Checkpointing

To process data reliably and with consistent outputs, Quix Streams applications need to periodically save their state stores to disk and commit processed offsets to Kafka.

We call this process a “checkpointing”.

The goal of checkpointing is to ensure that applications can recover after failures and reprocess records from Kafka producing the same results as if the failure never happened.

Quix Streams supports both At-Least-Once and Exactly-Once processing guarantees, which can be changed using the processing_guarantee parameter.

When At-Least-Once guarantee is enabled (the default), each incoming message is guaranteed to be processed, but it may happen multiple times and generate duplicated outputs in case of failure
If Exactly-Once guarantee is enabled, the outputs are guaranteed to be unique for every message at the cost of increased latency.

See the Configuration page to learn more about processing guarantees.

Under the Hood

When Application starts processing, it initializes the Checkpoint object with a fixed lifetime interval in seconds according to the commit_interval setting (every 5 seconds by default).
The Checkpoint object is responsible for keeping track of processed Kafka offsets and pending state transactions.
After the message is successfully processed, its offset is marked as processed in the current checkpoint.
When checkpoint commits, it will:
1. Produce changelog messages for every pending state update to the changelog topics (if they are enabled).
2. Flush the Kafka Producer and verify the delivery of every outgoing message both to output and changelog topics.
3. Synchronously commit the topic offsets to Kafka.
4. Flush the pending state transactions to the durable state stores.
After the checkpoint is fully committed, a new one is created and the processing continues.
Besides the regular intervals, the checkpoint is also committed when Kafka partitions are rebalanced.

Recovering the State Stores

In Quix Streams, all state stores are backed up using the changelog topics in Kafka.

Since version 2.5, all changelog messages contain the corresponding offsets of input topic messages.

During recovery, these offsets are compared with the currently committed offset of the input topic.

If the processed offset in the changelog record is higher than the current committed offset (i.e., the update was produced to the changelog, but the Kafka offsets failed to commit), this changelog update will not be applied to the state.

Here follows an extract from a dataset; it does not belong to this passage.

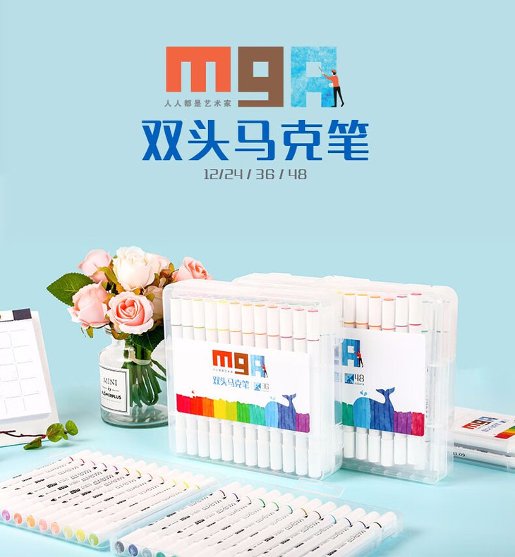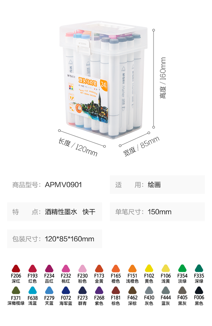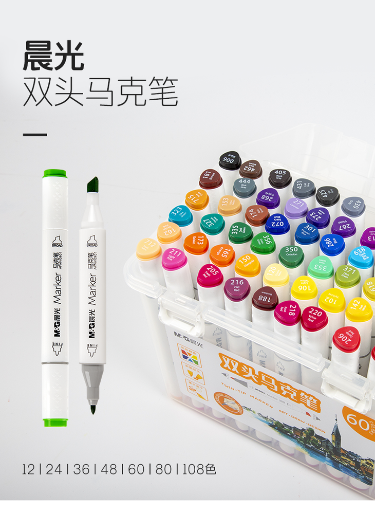 晨光马克笔APMV0901双头三角杆24色(酒清)

This way, all stateful operations will work with a consistent snapshot of the state and produce the same outputs in case of reprocessing.

For more information about changelog topics, see the How Changelog Topics Work section.

Common Failure Scenarios

Below are some examples of what can go wrong during processing and how application will be recovering from it.
In all the cases, the application stops, and it needs to be restarted.

Error happens during processing of the message.
The app will stop without producing changelogs and committing offsets.
On restart, it will restart processing from the latest committed offset.
Checkpointing fails to produce some state updates to the changelog topics.
Input topic offsets will not be committed, and the local state stores will not be flushed.
On recovery, application will ignore the changelog updates belonging to non-committed input topic offsets.
After recovery, the app will restart processing from the latest committed offset.
Checkpointing fails to commit offsets to the input topics.
Input topic offsets will not be committed, and the local state stores will not be flushed.
On recovery, application will ignore the changelog updates belonging to non-committed input topic offsets.
After recovery, the app will restart processing from the latest committed offset.
Checkpointing fails to flush state stores to the disk.
All changelog updates are produced, and the input topic offsets are committed. During recovery, the app will apply changelog updates to the local state stores.

Configuring the Checkpointing

Users may configure how often the checkpoints are committed by passing the commit_interval and commit_every parameters to the Application class.

By default, the commit_interval is 5 seconds, and the commit_every is 0, and only the commit interval is taken into account.

Changing the commit interval will have several implications for the application:

Longer commit intervals will make the application flush state stores and changelogs less often, limiting the IO.

At the same time, it may lead to larger memory usage because more state updates will be accumulated in memory.

The required amount of memory depends on how many unique keys are processed (state transactions batch updates per key).

Also, when an application fails, it will need to reprocess more messages since the latest checkpoint, increasing the number of duplicates produced to the output topics.
Shorter commit intervals will lead to more IO because changelogs and state stores will be flushed more frequently.

However, it will reduce memory usage and limit the number of potentially reprocessed messages, reducing duplicates.
If commit_interval is set to 0, the application will commit a checkpoint for every processed Kafka message.
If commit_every is set, the application will commit after processing N messages across all assigned partitions.
You may use commit_interval to get more granular control over the commit schedule.
For example, if commit_every=1000 and commit_interval=5.0, the application will commit the checkpoint as soon as 1000 messages are processed or 5s interval is elapsed.

When configuring the commit_interval and commit_every, take into account such factors as the number of unique keys in the input topics, hardware, and infrastructure.

Limitations

In the At-Least-Once setting, it is still possible that unwanted changelog changes get applied during recovery from scratch.

Example:

The checkpoint successfully produces changelog updates and flushes the Producer.
The checkpoint fails to commit the input topic offsets to Kafka.
The application code changes and some of the input messages get filtered during reprocessing.
Since the changelogs are already produced, during recovery from scratch they will be applied to the state even though the messages are now filtered.

Though this case is rare, the best way to avoid it is to stop the application clean and ensure the latest checkpoint successfully commits before updating the processing code.